I am training a model with gensim, my corpus is many short sentences, and each sentence has a frequency which indicates times it occurs in total corpus. I implement it as follow, as you can see, I just choose to do repeat freq times. Any way, if the data is small, it should work, but when data grows, the frequency can be very large, it costs too much memory and my machine cannot afford it.

So 1. can I just count the frequency in every record instead of repeat freq times? 2. Or any other ways to save memory?

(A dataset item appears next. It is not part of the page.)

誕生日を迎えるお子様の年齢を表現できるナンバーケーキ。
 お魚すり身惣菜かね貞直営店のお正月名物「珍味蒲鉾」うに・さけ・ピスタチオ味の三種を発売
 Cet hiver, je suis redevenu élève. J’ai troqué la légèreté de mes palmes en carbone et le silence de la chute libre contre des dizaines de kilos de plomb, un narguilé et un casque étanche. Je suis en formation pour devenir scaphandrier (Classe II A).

class AddressSentences(object):
    def __init__(self, raw_path, path):
        self._path = path

    def __iter__(self):
        with open(self.path) as fi:
            headers = next(fi).split(",")
            i_address, i_freq = headers.index("address"), headers.index("freq")
            index = 0
            for line in fi:
                cols = line.strip().split(",")
                freq = cols[i_freq]
                address = cols[i_address].split()
                # Here I do repeat
                for i in range(int(freq)):
                    yield TaggedDocument(address, [index])
                index += 1

print("START %s" % datetime.datetime.now())
train_corpus = list(AddressSentences("/data/corpus.csv"))
model = gensim.models.doc2vec.Doc2Vec(size=50, min_count=2, iter=55)
model.build_vocab(train_corpus)
model.train(train_corpus, total_examples=model.corpus_count, epochs=model.iter)
print("END %s" % datetime.datetime.now())

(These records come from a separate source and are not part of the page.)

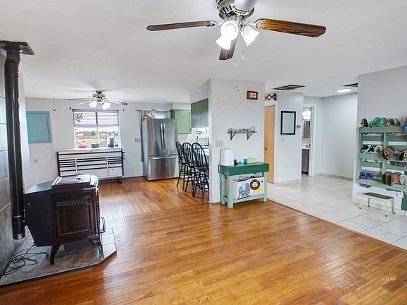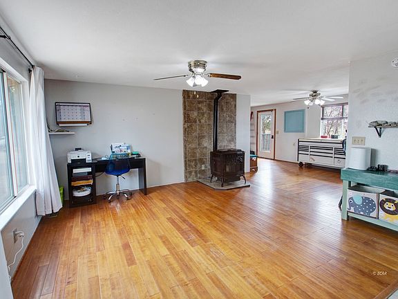 Explore this exceptional residence boasting a spacious detached workshop, four bedrooms, two bathrooms, and a versatile fifth room ideal for a home office or additional storage. Situated on over two acres of fully fenced land this property features comprehensive irrigation and the septic system is on risers. The interior showcases fresh paint, a pellet stove, and a newer metal roof all complemented by numerous upgrades throughout the home.
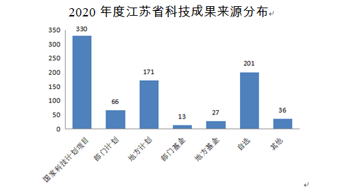 2020年江苏省科技成果登记总数中,课题来源于国家科技计划项目330项,比上一年度增长38%,其中:科技重大专项16项,自然科学基金171项,高技术发展研究计划1项,其他125项。课题来源除了国家科技计划外,部门计划66项,地方计划171项,部门基金13项,地方基金27项,国际合作2项,横向委托12项,自选201项,其他36项。
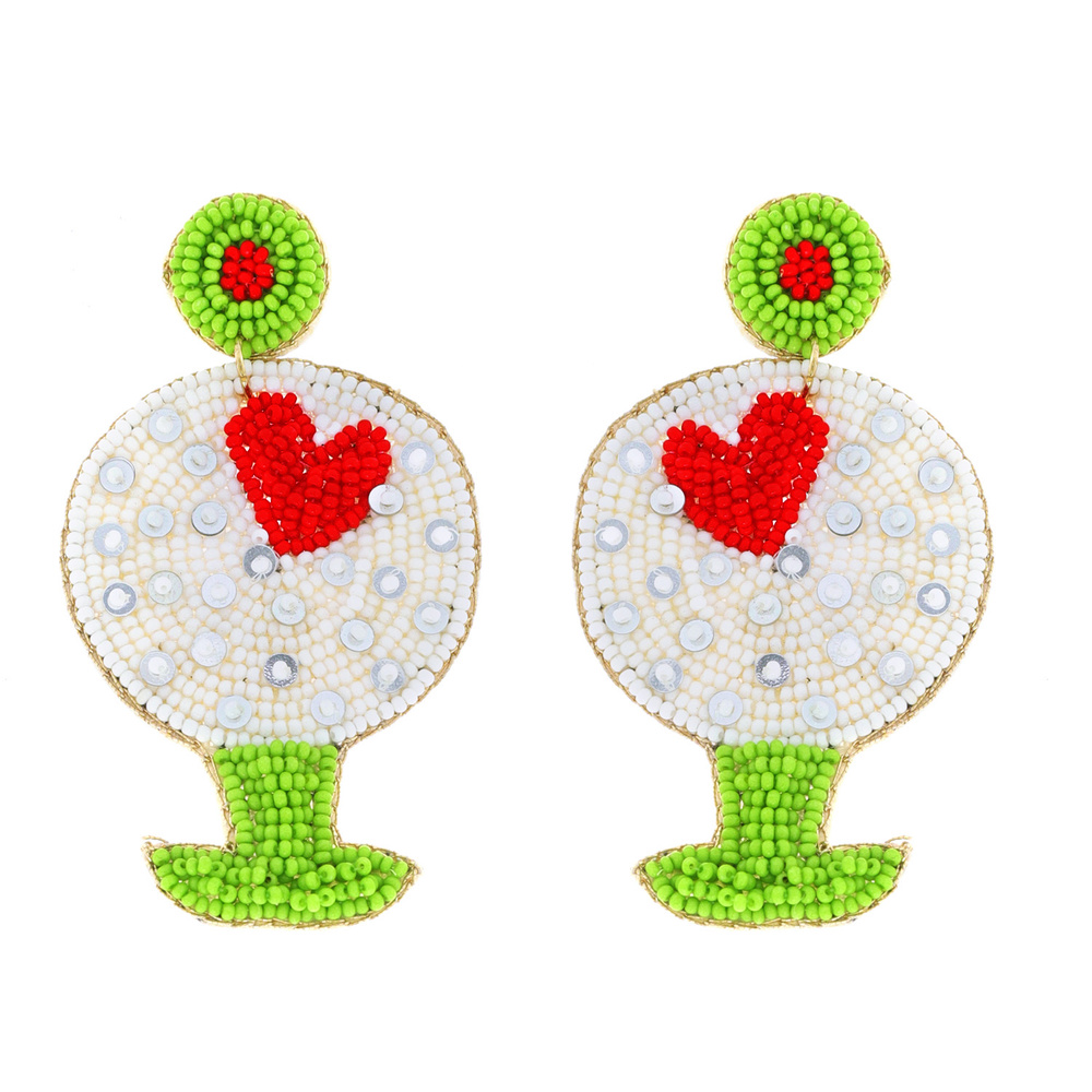 2-tier Heart Golf Ball Oh Stand Seed Bead Handmade Beaded Embroidery Dangle And Drop Valentine Earrings
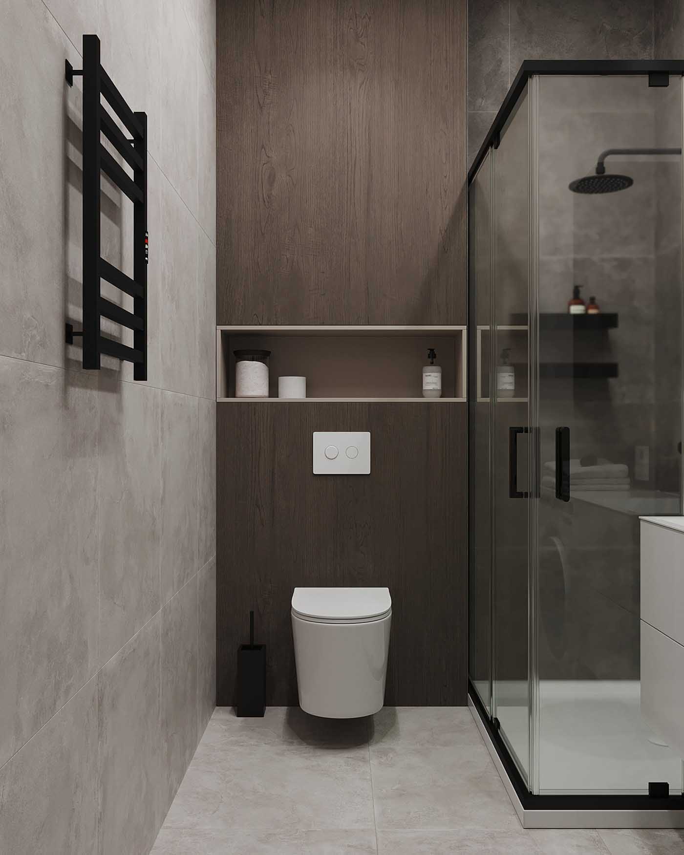 A fürdőszoba szintén monokróm árnyalatokban lett kialakítva, fa elemekkel kiegészítve. A zuhanyzó területét sötétszürke, nagy formátumú greslapokkal, míg a többi zónát világosszürkével burkolták.
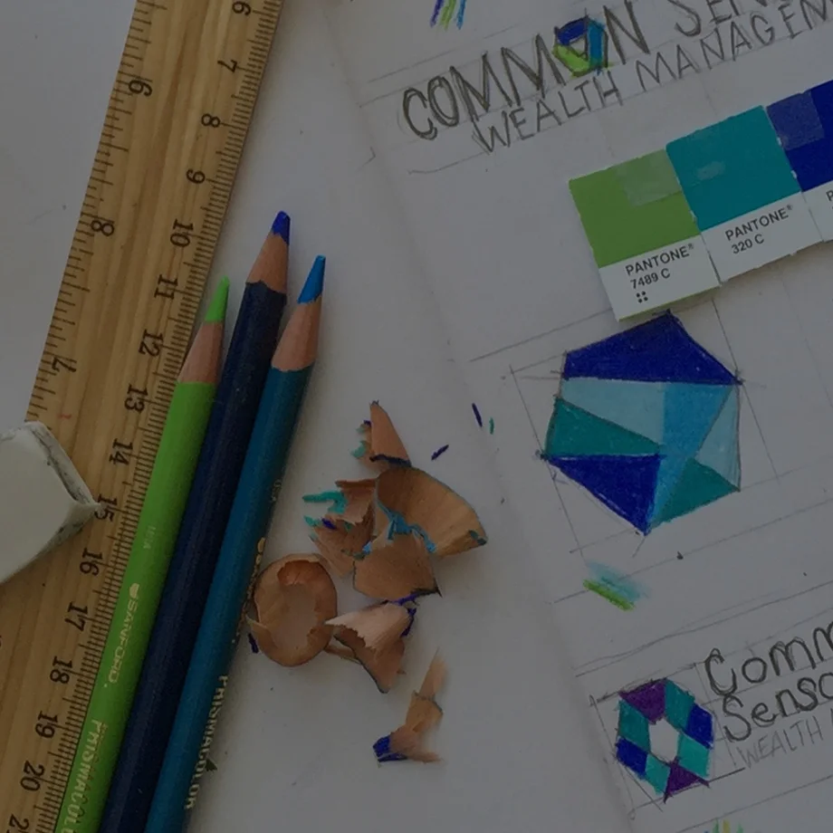 Sketches enable a fluid exploration of shapes and colors. In this case, I used a hexagon as a starting point to symbolize the harmony and dependability that this financial firm wanted to portray. It allowed for a concrete start when shifting to the digital design of this logo.

corpus is something like this:

address,freq
Cecilia Chapman 711-2880 Nulla St.,1000
The Business Centre,1000
61 Wellfield Road,500
Celeste Slater 606-3727 Ullamcorper. Street,600
Theodore Lowe Azusa New York 39531,700
Kyla Olsen Ap #651-8679 Sodales Av.,300
roger
  • 9,063
  • 20
  • 72
  • 119
  • and what is your question exactly? – Matti Lyra Jun 12 '17 at 10:30
  • @MattiLyra sorry, I am just editing my questions – roger Jun 12 '17 at 10:33
  • So just to double check you want to `N` `TaggegDocuments` where `N` is equal to the last number on the line? What are you doing with the `TaggedDocuments`, the yield only creates a single one at a time, so you must be caching them somewhere else. Do they need to be separate objects? – Matti Lyra Jun 12 '17 at 10:49
  • @MattiLyra but `model.build_vocab` and `model.train` only accept `list`, so I repeat `N` times in the `list` – roger Jun 12 '17 at 10:52
  • The items in the list can be a reference to the same `object` they don't necessarily need to be separate object instances, which means that you're memory consumption is equal to 1 object, instead of 1000 for the first row. But if you can do that depends on what the downstream code does to those objects. – Matti Lyra Jun 12 '17 at 11:03
  • 1
    Also why do you need to repeat the same address `1000` times? – Matti Lyra Jun 12 '17 at 11:06

1 Answers1

0

Two options for your exact question:

(1)

You don't need to reify your corpus iterator into a fully in-memory list, with your line:

    train_corpus = list(AddressSentences("/data/corpus.csv"))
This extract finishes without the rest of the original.